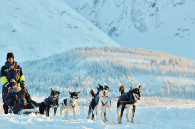 Guide your own dog sled through snowy trails, surrounded by the stunning Arctic mountain scenery!
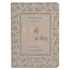 The journal's gilt-edged pages beautifully harmonize with the gold-foiled accents on the cover. The single-color interior offers an arched frame on each page, enclosing a lined space designed for recording answers to the same question over three consecutive years. This layout is designed for a three-year response cycle to the same question, making this a personal growth journal that follows the calendar year, starting on January 1.
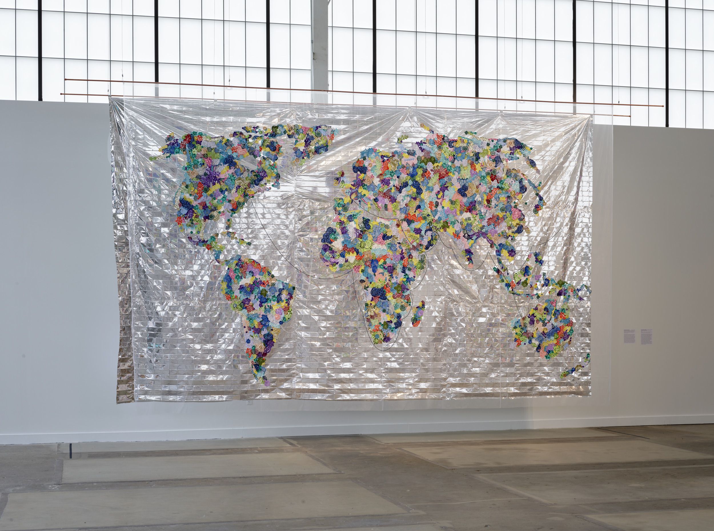 In Desplazamiento y Subsuelo (Displacement and Subsoil), Aranibar-Fernández reveals how massive forces of global history impact individuals and their physical bodies. Embroidered flowers cut from Bolivian mantas, or shawls, make up the artist’s world map. Though first brought to South America by Spanish colonizers who insisted indigenous women wear European attire, over time symbols of imperialist oppression have been reclaimed by indigenous women in a spirit of community pride. Sewn strings of glass beads chart the global migratory histories of other goods and natural resources, as well as the involuntary movement of enslaved people, refugees, and asylum seekers. By including reflective emergency blankets, like those distributed at U.S. Immigration and Customs Enforcement (ICE) detention centers, the artist references the notoriously unjust conditions faced by migrants held at these sites. Yet, the flowers that punctuate the map comment on a relationship between exploitation and resilience: despite the use of land and nature as a source of profit and power, flowers continue to bloom.
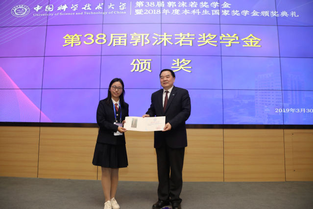2019年3月30日下午,第38届郭沫若奖学金暨2018年度国家奖学金颁奖典礼在东校区理化大楼西三报告厅举行。33名同学获得第38届郭沫若奖学金,101名本科生获得2018年度国家奖学金。
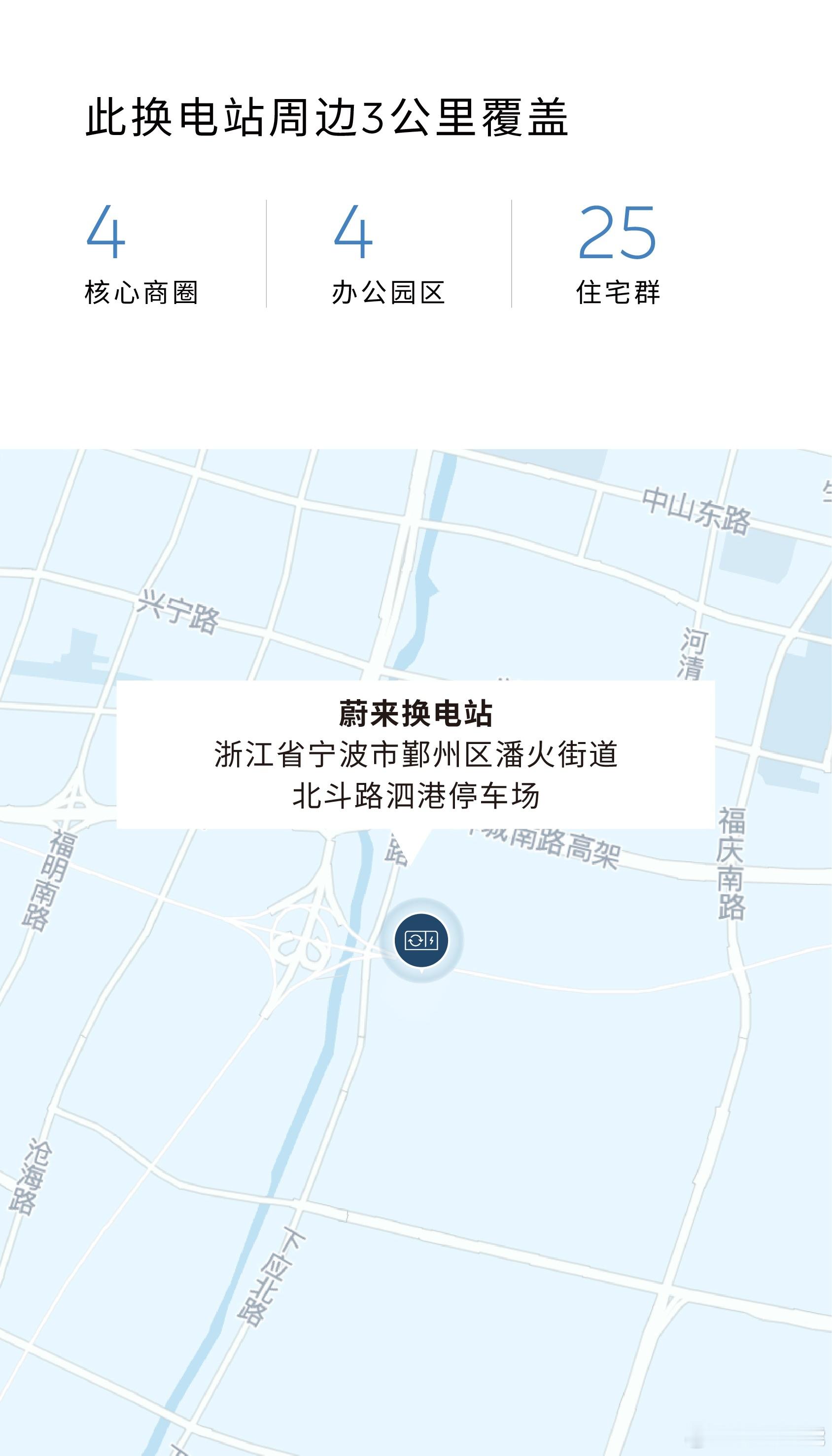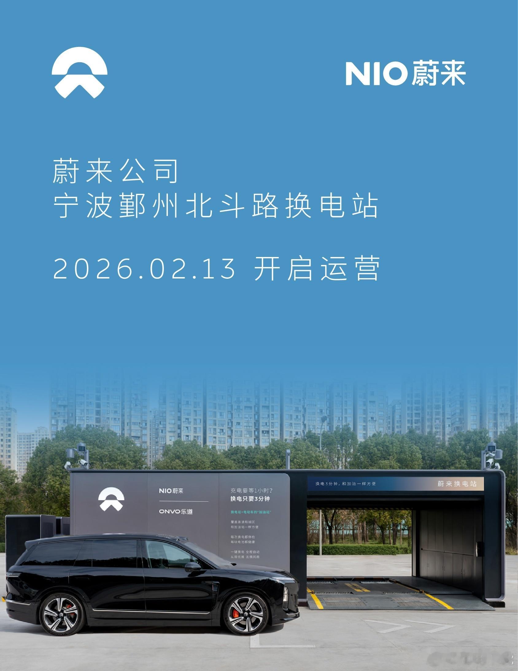 蔚来换电站 | 宁波鄞州北斗路 上线周边3公里覆盖4大核心商圈、4大办公园区、25大住宅群截至2月14日,蔚来已在浙江省布局480座换电站
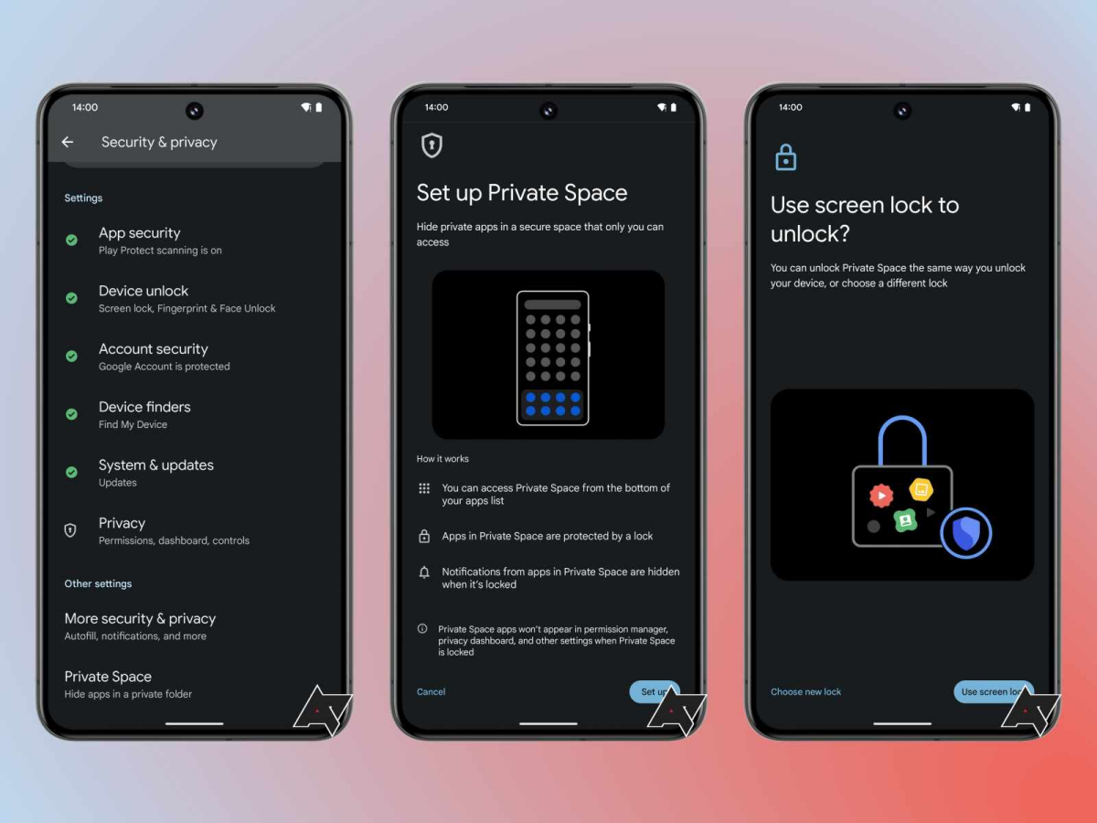 Hiện tại, Google đang tiến hành nghiên cứu và phát triển tính năng 'Không Gian Riêng Tư' (Private Space) trên hệ điều hành Android, cho phép người dùng ẩn và khóa các ứng dụng trên điện thoại của họ. Qua những hình ảnh rò rỉ, người dùng có thể đoán được cách tính năng riêng tư này sẽ hoạt động.
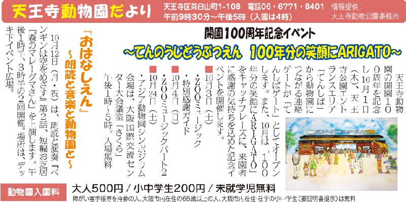 動物園入園料 : 大人500円 小・中学生200円 大阪市在住の小中学生(在学を含む)、大阪市在住の65歳以上、障がい者手帳を持参の人は無料。

Your task:
Leave the pictures out and reproduce exactly the lines from the line with "In Desplazamiento y" to the end of the material above.

Answer area:
 In Desplazamiento y Subsuelo (Displacement and Subsoil), Aranibar-Fernández reveals how massive forces of global history impact individuals and their physical bodies. Embroidered flowers cut from Bolivian mantas, or shawls, make up the artist’s world map. Though first brought to South America by Spanish colonizers who insisted indigenous women wear European attire, over time symbols of imperialist oppression have been reclaimed by indigenous women in a spirit of community pride. Sewn strings of glass beads chart the global migratory histories of other goods and natural resources, as well as the involuntary movement of enslaved people, refugees, and asylum seekers. By including reflective emergency blankets, like those distributed at U.S. Immigration and Customs Enforcement (ICE) detention centers, the artist references the notoriously unjust conditions faced by migrants held at these sites. Yet, the flowers that punctuate the map comment on a relationship between exploitation and resilience: despite the use of land and nature as a source of profit and power, flowers continue to bloom.
2019年3月30日下午,第38届郭沫若奖学金暨2018年度国家奖学金颁奖典礼在东校区理化大楼西三报告厅举行。33名同学获得第38届郭沫若奖学金,101名本科生获得2018年度国家奖学金。
 蔚来换电站 | 宁波鄞州北斗路 上线周边3公里覆盖4大核心商圈、4大办公园区、25大住宅群截至2月14日,蔚来已在浙江省布局480座换电站
 Hiện tại, Google đang tiến hành nghiên cứu và phát triển tính năng 'Không Gian Riêng Tư' (Private Space) trên hệ điều hành Android, cho phép người dùng ẩn và khóa các ứng dụng trên điện thoại của họ. Qua những hình ảnh rò rỉ, người dùng có thể đoán được cách tính năng riêng tư này sẽ hoạt động.
 動物園入園料 : 大人500円 小・中学生200円 大阪市在住の小中学生(在学を含む)、大阪市在住の65歳以上、障がい者手帳を持参の人は無料。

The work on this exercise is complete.